The term cytostatic denotes an aggressive toxic substance, which is used for medical treatments. Cytostatic drugs slow down or stop the growth of specific cells by inhibiting their cell division. Depending on their specific mechanism of action, cytostatic drugs interfere with cell division in different ways, for example by disturbing the metabolism or by damaging the DNA of a cell. Cytostatics do not have a local effect on specific parts of the body but rather affect the whole organism. Their targets are especially those cells that are growing very fast.

Cytostatics are primarily used in cancer treatment. Within a chemotherapy they are applied as active agents to fight against the fast spreading tumor cells and thereby inhibiting tumor growth totally at best.

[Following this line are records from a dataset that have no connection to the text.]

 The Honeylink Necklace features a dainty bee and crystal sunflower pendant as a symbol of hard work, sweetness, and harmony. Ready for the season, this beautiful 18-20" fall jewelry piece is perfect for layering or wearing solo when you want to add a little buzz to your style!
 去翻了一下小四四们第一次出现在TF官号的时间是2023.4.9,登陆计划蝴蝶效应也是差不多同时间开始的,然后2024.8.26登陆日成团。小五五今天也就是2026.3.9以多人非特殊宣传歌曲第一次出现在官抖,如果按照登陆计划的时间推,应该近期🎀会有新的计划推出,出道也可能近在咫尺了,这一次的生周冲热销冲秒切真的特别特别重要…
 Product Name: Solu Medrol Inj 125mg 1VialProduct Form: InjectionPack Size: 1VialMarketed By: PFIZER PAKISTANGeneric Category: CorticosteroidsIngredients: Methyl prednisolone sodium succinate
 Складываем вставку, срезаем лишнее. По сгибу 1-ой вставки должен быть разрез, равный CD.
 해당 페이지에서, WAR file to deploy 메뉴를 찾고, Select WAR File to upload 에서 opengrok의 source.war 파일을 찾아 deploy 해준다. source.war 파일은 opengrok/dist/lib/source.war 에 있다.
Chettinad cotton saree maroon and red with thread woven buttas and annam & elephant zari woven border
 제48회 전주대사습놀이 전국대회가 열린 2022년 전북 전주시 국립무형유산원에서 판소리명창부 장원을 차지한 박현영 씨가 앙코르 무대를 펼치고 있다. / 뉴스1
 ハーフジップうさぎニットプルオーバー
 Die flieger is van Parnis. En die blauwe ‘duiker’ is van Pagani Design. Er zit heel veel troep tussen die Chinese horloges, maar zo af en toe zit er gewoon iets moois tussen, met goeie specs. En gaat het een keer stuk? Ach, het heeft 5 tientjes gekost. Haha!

AnkerBesides surgical therapy and irradiation, chemotherapy belongs to the three main pillars of cancer treatment. In contrast to surgery and irradiation it is a systemic therapy affecting the whole body, for example also metastases with unknown localization. In Germany around 200,000 cancer patients are treated annually. The majority of cancer patients undergo at least one chemotherapy treatment. The era of cancer chemotherapy began in the 1940s. Today there are around 50 different approved cytostatic drugs employed in chemotherapy. Over time on the one hand new cytostatics were developed and on the other hand known substances were revised to reduce side effects for example. Rarely a cytostatic was replaced by a new or improved version.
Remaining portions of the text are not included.